A graft polymer forming a particulate polymer is obtained by graft-polymerizing a hydrophilic monomer and/or a macromonomer in a total amount of 1 to 40 parts by mass with 100 parts by mass of a core particle comprising a block copolymer containing an aromatic vinyl block region composed of aromatic vinyl monomer units and an isoprene block region composed of isoprene units, wherein the content ratio of the isoprene block region is 70 to 99% by mass.

[ core particle ]

The block copolymer constituting the core particle contains an aromatic vinyl block region composed of an aromatic vinyl monomer unit and an isoprene block region including an isoprene unit, and further optionally contains a polymer chain portion (hereinafter, may be simply referred to as "other region") in which repeating units other than the aromatic vinyl monomer unit and the isoprene unit are linked. The content of the isoprene region in the block copolymer needs to be 70 mass% or more and 99 mass% or less. The core particle may contain at least one selected from the group consisting of a hindered phenol-based antioxidant, a phosphite-based antioxidant, and a metal scavenger, which will be described in detail later.

The block copolymer may have only 1 aromatic vinyl block region, or may have a plurality of blocks. Similarly, the block copolymer may have only 1 isoprene block region, or may have a plurality of isoprene block regions. Further, the block copolymer may have only 1 other region, or may have a plurality of regions. In addition, the block copolymer preferably has only an aromatic vinyl block region and an isoprene block region.

Aromatic vinyl block region

As described above, the aromatic vinyl block region is a region containing only an aromatic vinyl monomer unit as a repeating unit.

Here, the 1 aromatic vinyl block region may be composed of only 1 aromatic vinyl monomer unit, or may be composed of a plurality of aromatic vinyl monomer units, and is preferably composed of only 1 aromatic vinyl monomer unit.

In addition, in the 1 aromatic vinyl block region, a coupling site may be included (that is, the aromatic vinyl monomer units constituting the 1 aromatic vinyl block region may be linked via the coupling site).

In addition, when the polymer has a plurality of aromatic vinyl block regions, the kinds and proportions of the aromatic vinyl monomer units constituting the plurality of aromatic vinyl block regions may be the same or different, and preferably are the same.

Examples of the aromatic vinyl monomer capable of forming an aromatic vinyl monomer unit constituting the aromatic vinyl block region include aromatic monovinyl compounds such as styrene, styrene sulfonic acid and salts thereof, α -methylstyrene, p-tert-butylstyrene, butoxystyrene, vinyltoluene, chlorostyrene, and vinylnaphthalene.
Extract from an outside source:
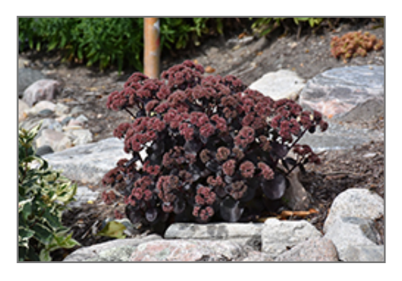
Night Embers Stonecrop in bloom

Night Embers Stonecrop is recommended for the following landscape applications;

Among them, styrene is preferable. These can be used alone in 1 kind, or a combination of 2 or more, preferably used alone in 1 kind.
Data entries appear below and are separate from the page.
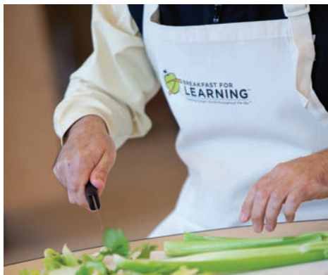
The Breakfast for Learning program serves up nutritious food for students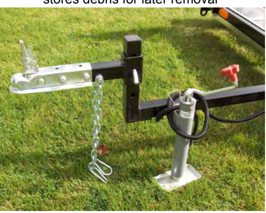
Adjustable coupler height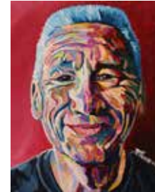
Samuel Rossi Deranger 16" x 20" acrylic on canvas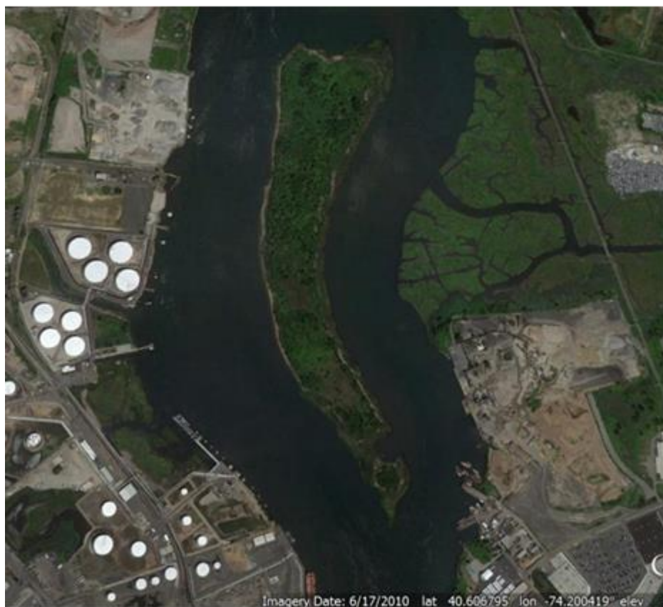
Figure 1. Map of Prall's Island. Google Earth image from 2010. Prall's Island is situated in the Arthur Kill, between Linden New Jersey and Staten Island, New York.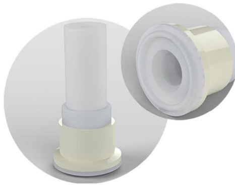
DN 20 TC

When the amount of all the repeating units (monomer units and structural units) in the block copolymer is 100% by mass, the proportion of the aromatic vinyl monomer units in the block copolymer is preferably 1% by mass or more, more preferably 10% by mass or more, still more preferably 15% by mass or more, preferably 30% by mass or less, and more preferably 25% by mass or less. When the proportion of the aromatic vinyl monomer unit in the block copolymer is not less than the lower limit, the cycle characteristics of the secondary battery can be further improved. On the other hand, if the proportion of the aromatic vinyl monomer unit in the block copolymer is 30% by mass or less, the flexibility of the graft polymer obtained using the block copolymer can be ensured, and the peel strength of the electrode can be further improved.
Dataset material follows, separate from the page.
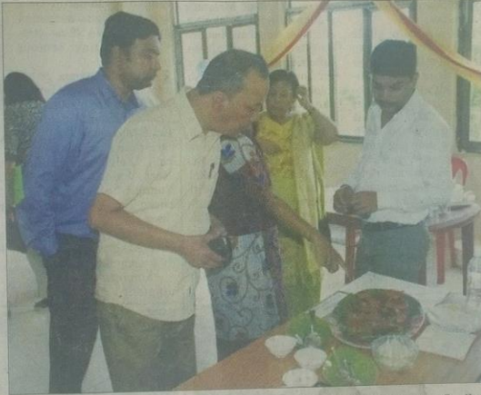
Sports and youth affairs minister Zenith Sangma, Tura ICFAI University-o Sonibar salo ong-atanggipa food festival-ni somoio song-gimin cha-anirango nienga.

"Garo Hillsni bitakani cha-ani ringanion ong-a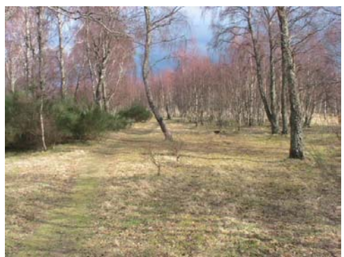
Fig. 11 : existing track along south boundary Fig. 12 : view north in vicinity of plots 13/14

In addition, the proportion of the aromatic vinyl monomer units in the block copolymer is generally the same as the proportion of the aromatic vinyl block regions in the block copolymer.

-isoprene block domains

The isoprene block region is a region containing an isoprene unit as a repeating unit.

In addition, in the isoprene region, a coupling site may be included (that is, isoprene units constituting 1 isoprene block region may be linked via the coupling site).

Further, the isoprene block region may have a crosslinked structure (that is, the isoprene block region may contain a structural unit obtained by crosslinking isoprene).

Further, the isoprene units contained in the isoprene block region may be hydrogenated (i.e., the isoprene block region may contain a structural unit (isoprene hydride unit) obtained by hydrogenating isoprene).

Further, by crosslinking the polymer including the aromatic vinyl block region and the isoprene block region, a structural unit obtained by crosslinking an isoprene unit can be introduced into the block copolymer.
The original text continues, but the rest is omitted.